Written by Amanda Comi
on Thursday, July 31 2014 and posted in Reviews
The spirit is weak but the flesh is willing.
Source: Pound of Flesh
I finished this book with an elevated heart rate, and immediately reread it from start to finish. Then I ate lunch and read it again, slowly. Partially to identify how I fell in love so hard, and partially just to relive the experience, because really, “an experience” is how I would describe Pound of Flesh.
This is not a book for everyone. If you take your super heroes very seriously, then you may not appreciate the moments of parody. If you don’t love entrails - well, first we’ve got to stop hanging out so much because you suck. Next, you should grow a pair and just read the damn book anyways. Even if you love blood and gore, like I do, Pound of Flesh may be grotesque enough to make you squirm.
But writer, Edward Dippolito, and artist, Damon Fernandez, don’t aim merely for a cheap shock response. Throughout the story, they maintain a strong contrast between expected and unexpected; sometimes shocking, but sometimes humorous. This dynamic drew me into the story completely, where I felt as though I was participating. As the conclusion approached, there was a fleeting moment where I anticipated the ending. I got giddy, drumming my fingers in anticipation, hoping that the creative team were brave enough to finish this story the right way.
It ends the right way. Dippolito and Fernandez push all the way to the proper ending without slowing down and without going further than necessary to prove that they can make the reader react. In my opinion, the fast pace and the abrupt ending, prove that this creative team are capable of incredible self restraint in a book that might otherwise be characterized by indulgent violence.
Dippolito also shows a degree of storytelling maturity as he combines familiar elements, especially from anime. He creates something that feels more like an homage or an allusion rather than a rip off. In my opinion, he actually gains storytelling efficiency by reference to familiar images.
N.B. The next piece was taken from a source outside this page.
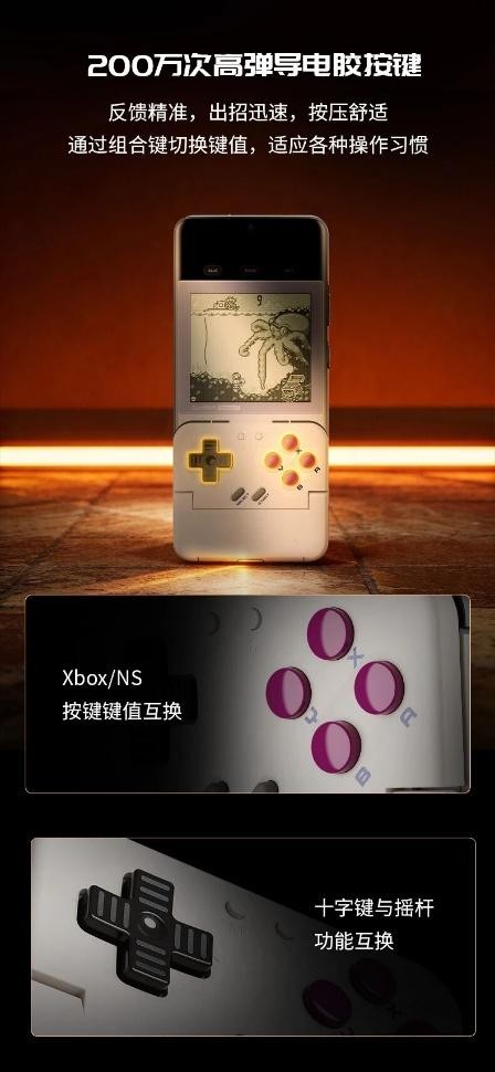 ABXY键与十字键均为高弹导电硅胶按键,拥有200万次寿命,反馈精准、按压舒适,还可通过组合键,一键切换不同平台的键位布局。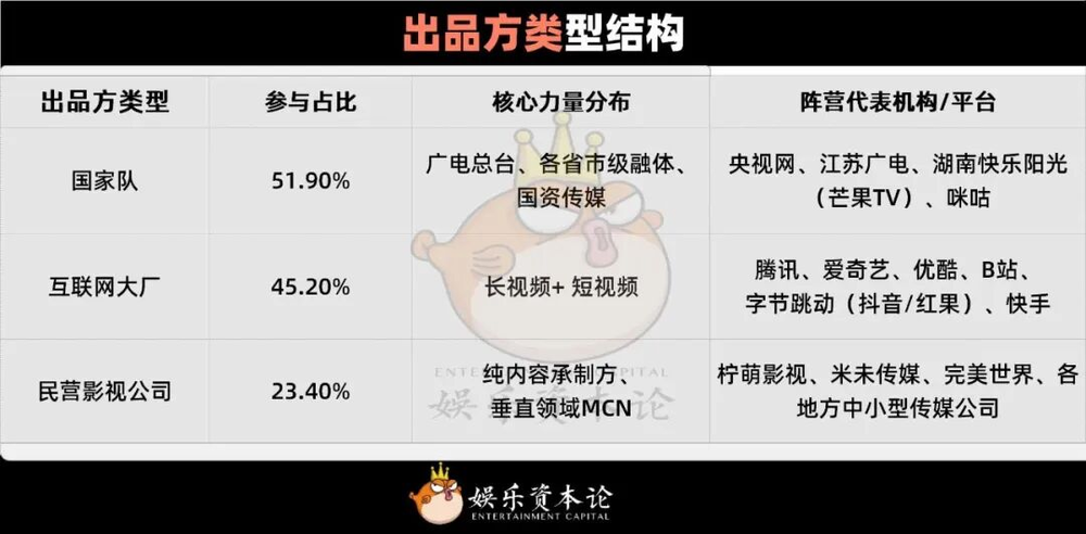 好内容离不开好推手。当娱乐资本论穿透这近397部作品背后的出品方结构时,一幅“国企+大厂+民营”协同作战的生动图景跃然纸上。

Dippolito is showing himself to be a skillfull writer with a good range, especially considering his other project, Frank N. Stein
For all intents and purposes, Fernandez’s art is indistinguishable from professional mainstream work. He skillfully handles a variety of scenes including a flashback montage and a classic street brawl, all set in a dramatic but colorful nighttime world. I was most impressed by the variety of textures he showed off; brick that looked scratchy, cloth that looked fuzzy, blood with a thin viscosity and extra cinematic shine, entrails ready to burst, skin that sagged and stretched when needed. This book looked delicious. Or gross.
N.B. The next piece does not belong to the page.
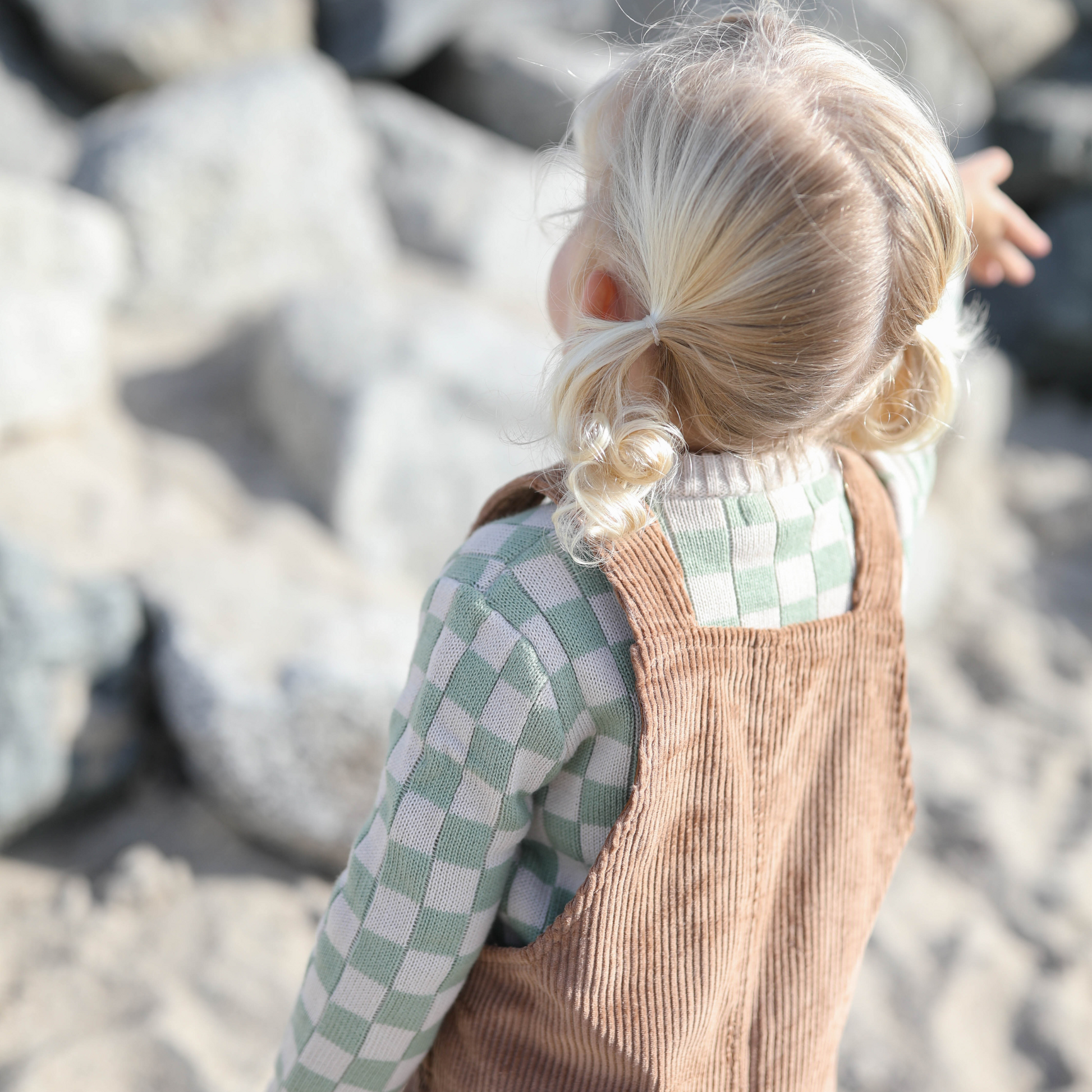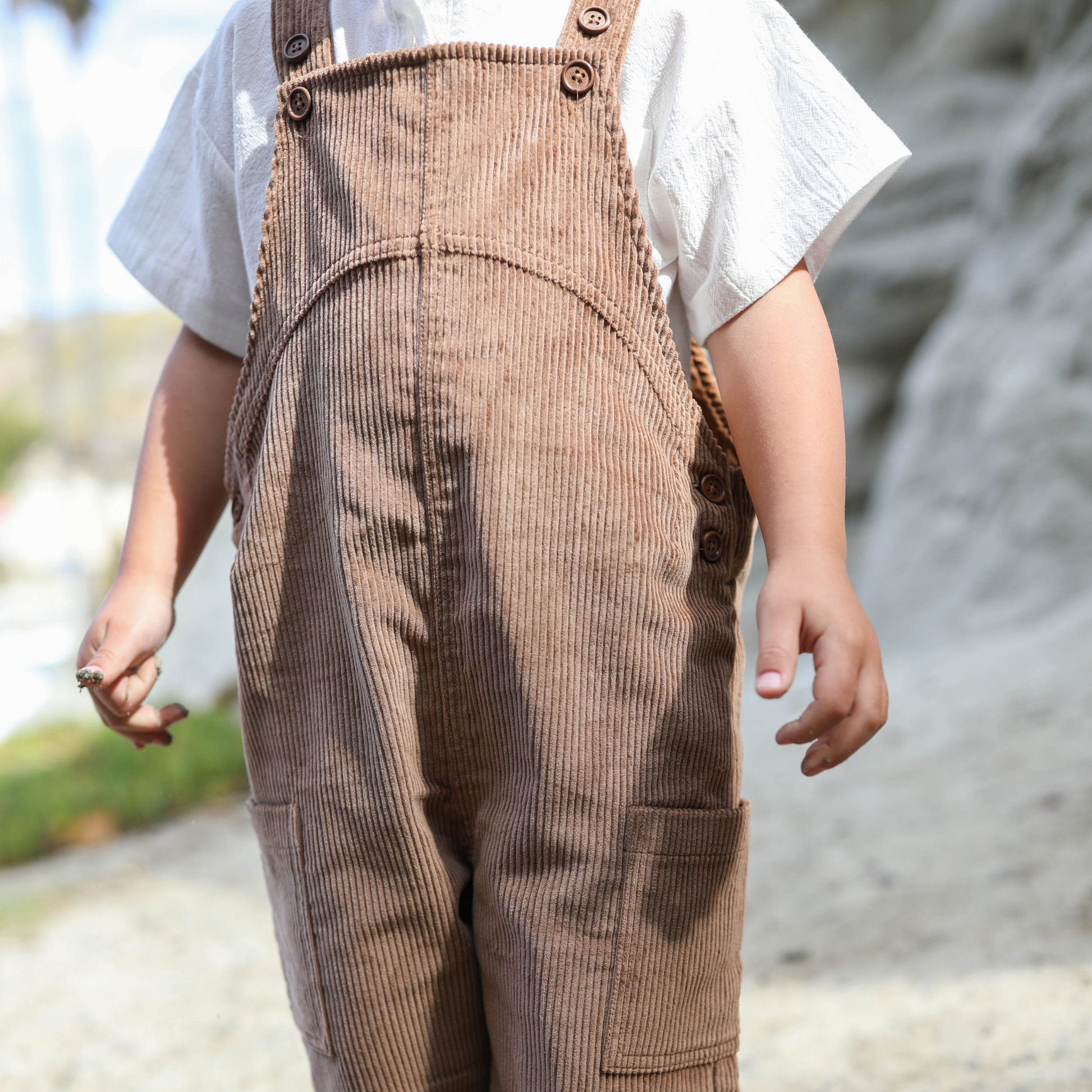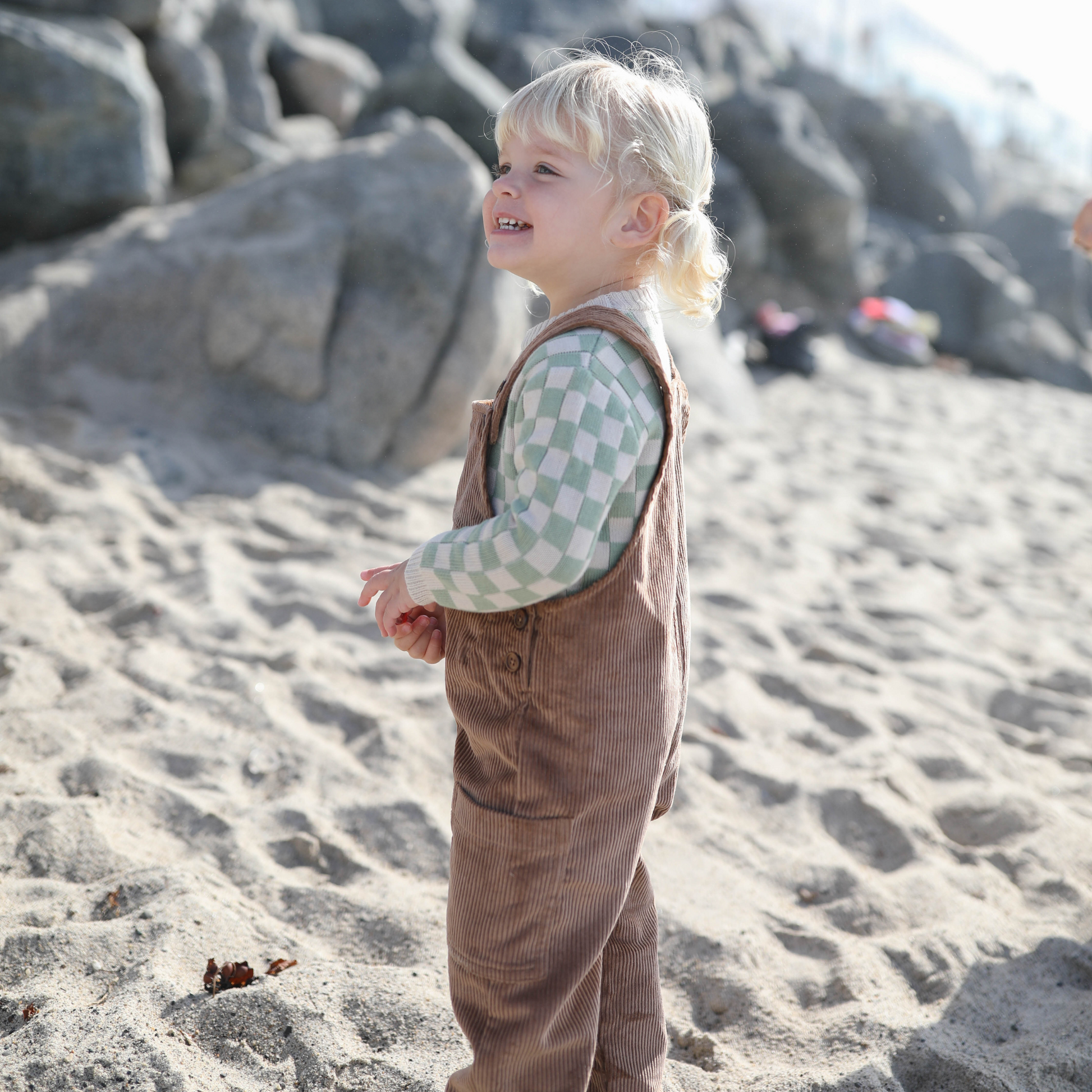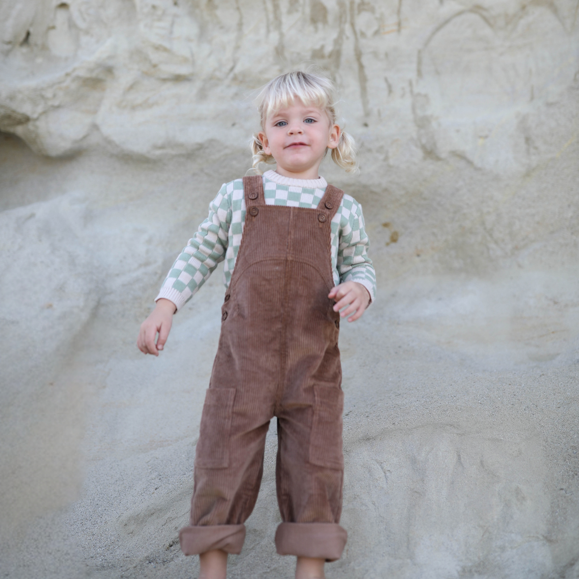 We brought back our best selling corduroy overalls in a NEW rich brown that matches perfectly with our checkered sweaters! These overalls are high quality and 100% cotton. The shoulder straps have two buttons to give room for growing little ones. Great for all your play day adventures!

So if this review has been somewhat vague on plot details, it’s only because I don’t want to spoil any surprises. On the back cover, Dippolito describes Pound of Flesh as following the adventures of "Keillen, a boy with immense power at his side and a disregard for subtlety." That description is about as accurate as saying that Game of Thrones is about the Stark family eating dinner in Winterfell; that's where the story starts, but it's not why you keep reading.